Task requirements. Ignoring every picture, return the lines of the listing below word for word, from the line that holds "- 生态:步行10分钟可达白云山脚下,社区内规划中央园林+全龄活动空间" through the line that holds "A private holiday".

Input records.
■ ■ ■ ■ ■
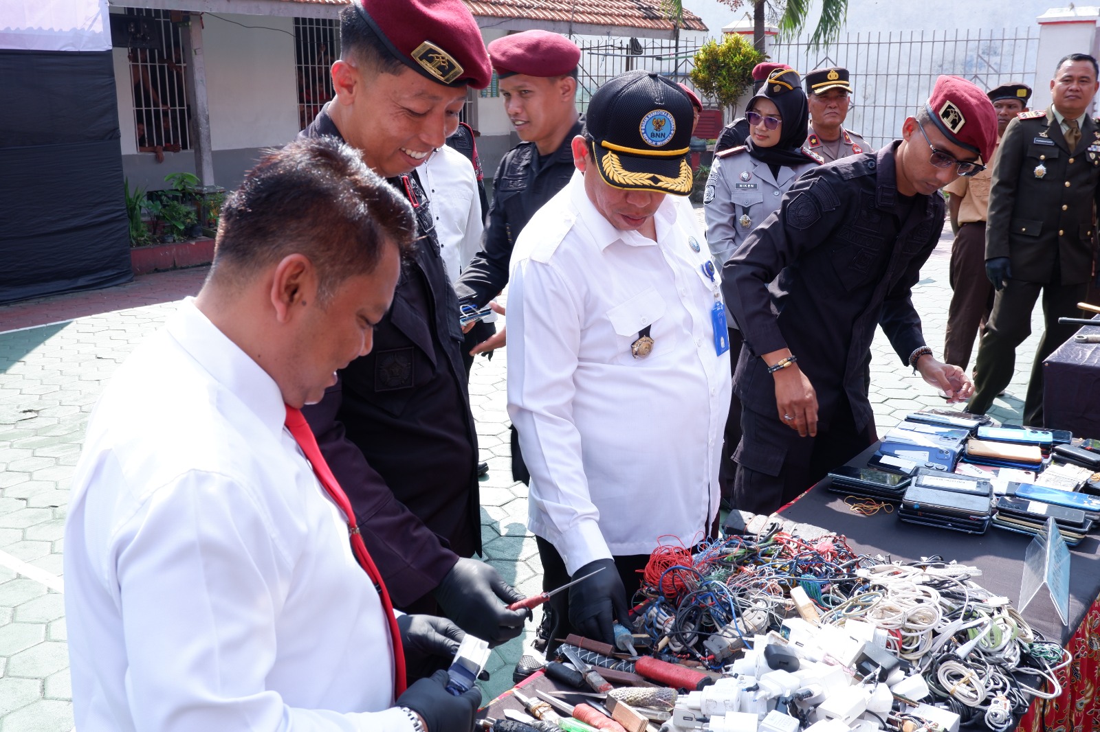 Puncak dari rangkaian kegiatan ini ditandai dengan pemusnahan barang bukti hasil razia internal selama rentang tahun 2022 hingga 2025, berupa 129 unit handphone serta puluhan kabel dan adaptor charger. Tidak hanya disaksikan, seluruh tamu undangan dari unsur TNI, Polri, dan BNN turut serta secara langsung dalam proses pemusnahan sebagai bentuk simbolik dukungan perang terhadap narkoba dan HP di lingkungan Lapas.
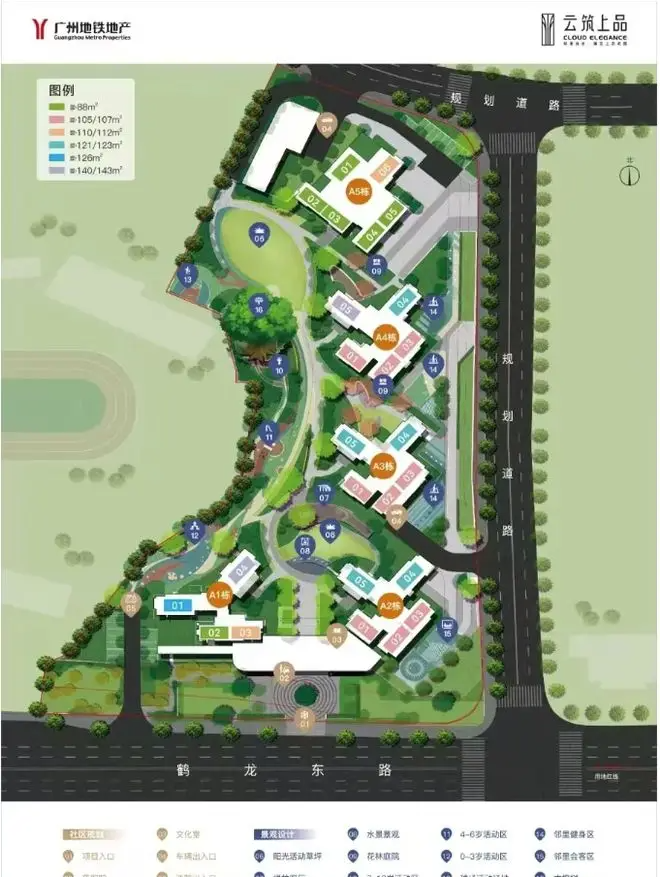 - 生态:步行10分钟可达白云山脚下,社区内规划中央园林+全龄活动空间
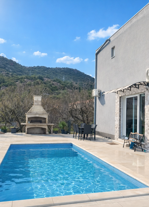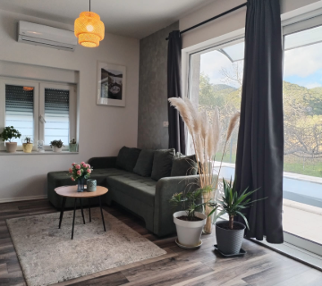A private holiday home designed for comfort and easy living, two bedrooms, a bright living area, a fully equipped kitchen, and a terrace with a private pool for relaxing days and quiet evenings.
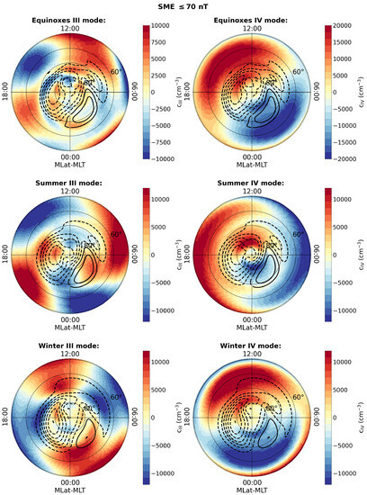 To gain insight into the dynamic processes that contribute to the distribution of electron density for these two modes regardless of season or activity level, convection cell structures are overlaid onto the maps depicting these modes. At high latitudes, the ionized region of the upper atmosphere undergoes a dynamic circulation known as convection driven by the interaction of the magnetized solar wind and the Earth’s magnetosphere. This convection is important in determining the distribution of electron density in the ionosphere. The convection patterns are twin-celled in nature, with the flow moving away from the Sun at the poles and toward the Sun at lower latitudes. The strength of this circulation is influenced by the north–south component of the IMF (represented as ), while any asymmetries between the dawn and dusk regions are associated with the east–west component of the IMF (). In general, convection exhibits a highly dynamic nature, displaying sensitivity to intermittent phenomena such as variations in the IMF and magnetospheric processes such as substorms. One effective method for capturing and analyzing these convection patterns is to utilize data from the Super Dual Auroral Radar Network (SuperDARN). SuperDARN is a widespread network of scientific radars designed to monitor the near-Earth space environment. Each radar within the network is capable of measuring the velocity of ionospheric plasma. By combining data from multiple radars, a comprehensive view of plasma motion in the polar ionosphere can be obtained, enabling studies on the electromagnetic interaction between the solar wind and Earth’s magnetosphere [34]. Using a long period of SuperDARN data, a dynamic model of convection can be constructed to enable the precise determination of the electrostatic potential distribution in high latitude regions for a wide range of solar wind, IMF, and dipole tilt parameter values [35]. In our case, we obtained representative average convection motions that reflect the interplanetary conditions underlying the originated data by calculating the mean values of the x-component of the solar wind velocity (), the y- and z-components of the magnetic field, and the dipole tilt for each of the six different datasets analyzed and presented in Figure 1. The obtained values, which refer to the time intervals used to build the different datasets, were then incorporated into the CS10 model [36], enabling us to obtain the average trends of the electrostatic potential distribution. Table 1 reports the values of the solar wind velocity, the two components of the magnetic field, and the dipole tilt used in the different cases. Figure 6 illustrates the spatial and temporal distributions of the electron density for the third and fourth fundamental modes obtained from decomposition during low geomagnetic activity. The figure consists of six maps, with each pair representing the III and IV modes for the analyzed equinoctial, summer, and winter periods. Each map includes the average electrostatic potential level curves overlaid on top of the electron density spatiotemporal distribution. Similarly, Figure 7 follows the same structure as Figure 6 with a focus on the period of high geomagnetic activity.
■ ■ ■ ■ ■
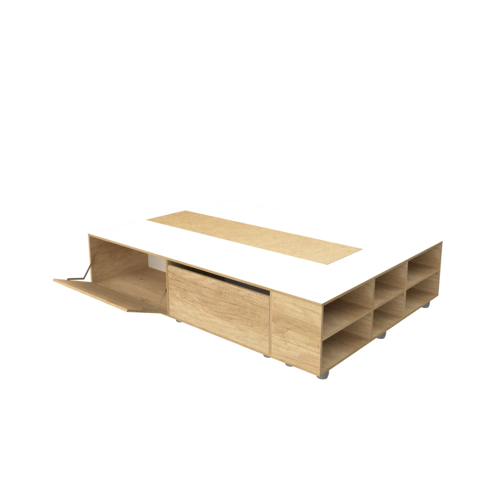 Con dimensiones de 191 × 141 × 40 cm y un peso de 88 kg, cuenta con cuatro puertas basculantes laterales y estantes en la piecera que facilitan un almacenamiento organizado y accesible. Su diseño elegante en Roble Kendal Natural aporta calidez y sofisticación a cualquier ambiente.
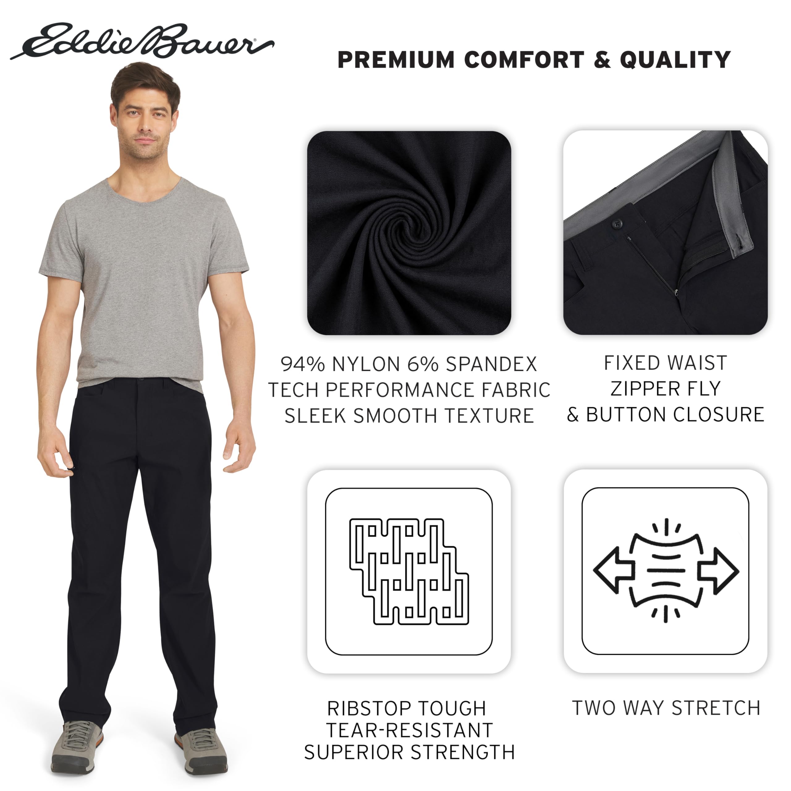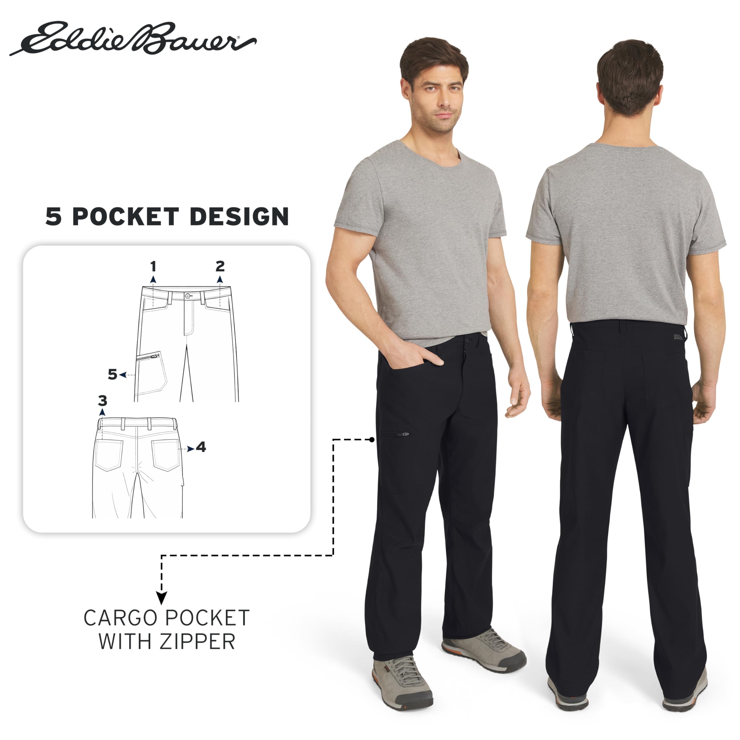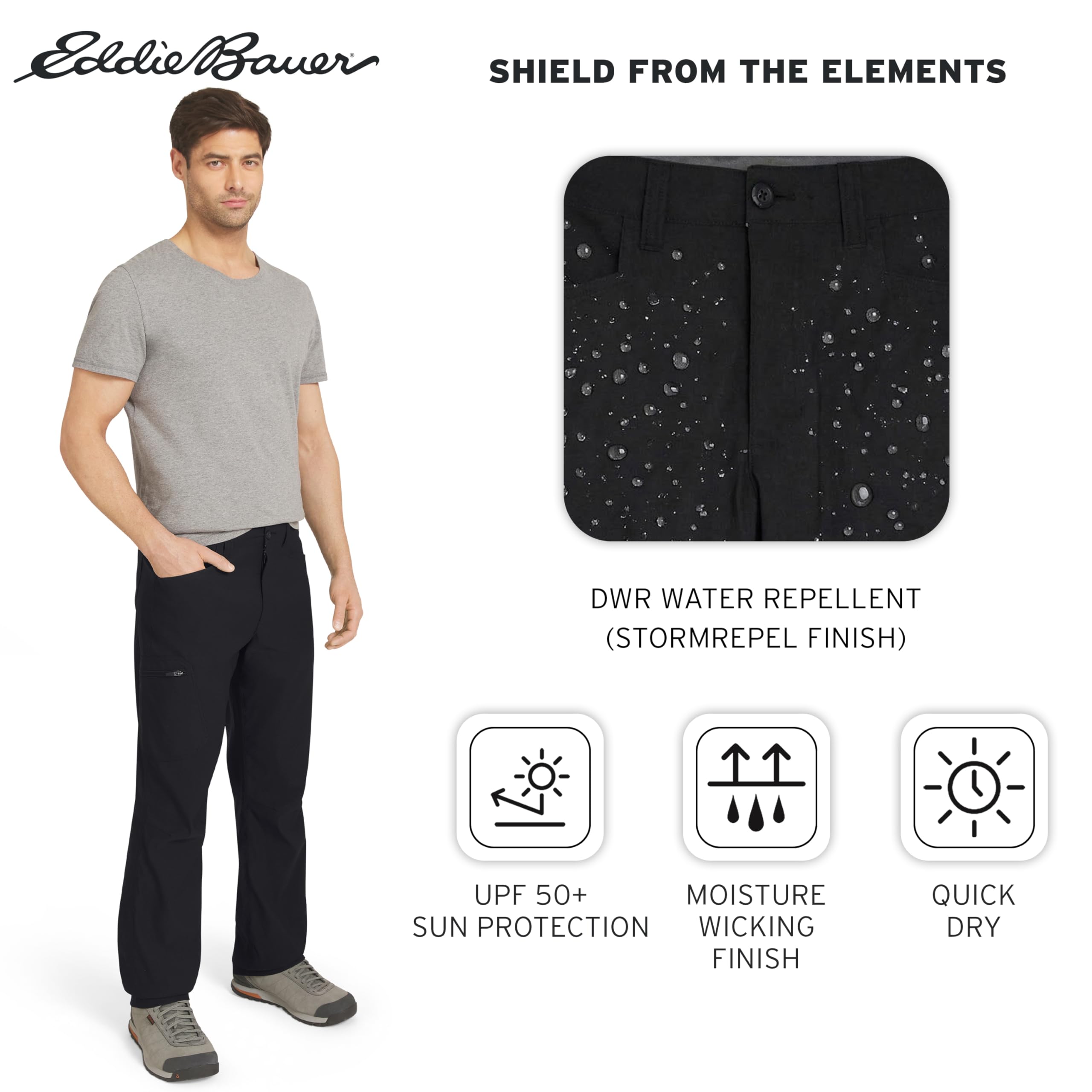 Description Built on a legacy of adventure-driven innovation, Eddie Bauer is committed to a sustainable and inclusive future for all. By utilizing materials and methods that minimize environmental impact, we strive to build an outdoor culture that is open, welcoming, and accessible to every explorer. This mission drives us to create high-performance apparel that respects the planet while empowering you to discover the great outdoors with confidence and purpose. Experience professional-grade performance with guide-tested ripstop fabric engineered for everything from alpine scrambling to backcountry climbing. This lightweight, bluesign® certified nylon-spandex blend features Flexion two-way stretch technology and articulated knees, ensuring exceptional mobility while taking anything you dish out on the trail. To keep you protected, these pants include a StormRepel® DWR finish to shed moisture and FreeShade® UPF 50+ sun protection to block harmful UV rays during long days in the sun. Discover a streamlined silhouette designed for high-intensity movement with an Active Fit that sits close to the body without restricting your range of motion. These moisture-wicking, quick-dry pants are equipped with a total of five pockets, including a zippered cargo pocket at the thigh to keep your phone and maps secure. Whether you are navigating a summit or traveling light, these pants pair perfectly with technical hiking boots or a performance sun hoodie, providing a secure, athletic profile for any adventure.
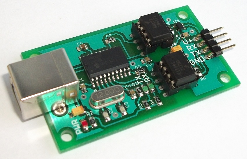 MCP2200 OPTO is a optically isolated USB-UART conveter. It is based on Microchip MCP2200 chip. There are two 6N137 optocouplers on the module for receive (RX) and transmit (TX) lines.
■ ■ ■ ■ ■
Your response.
 - 生态:步行10分钟可达白云山脚下,社区内规划中央园林+全龄活动空间
A private holiday home designed for comfort and easy living, two bedrooms, a bright living area, a fully equipped kitchen, and a terrace with a private pool for relaxing days and quiet evenings.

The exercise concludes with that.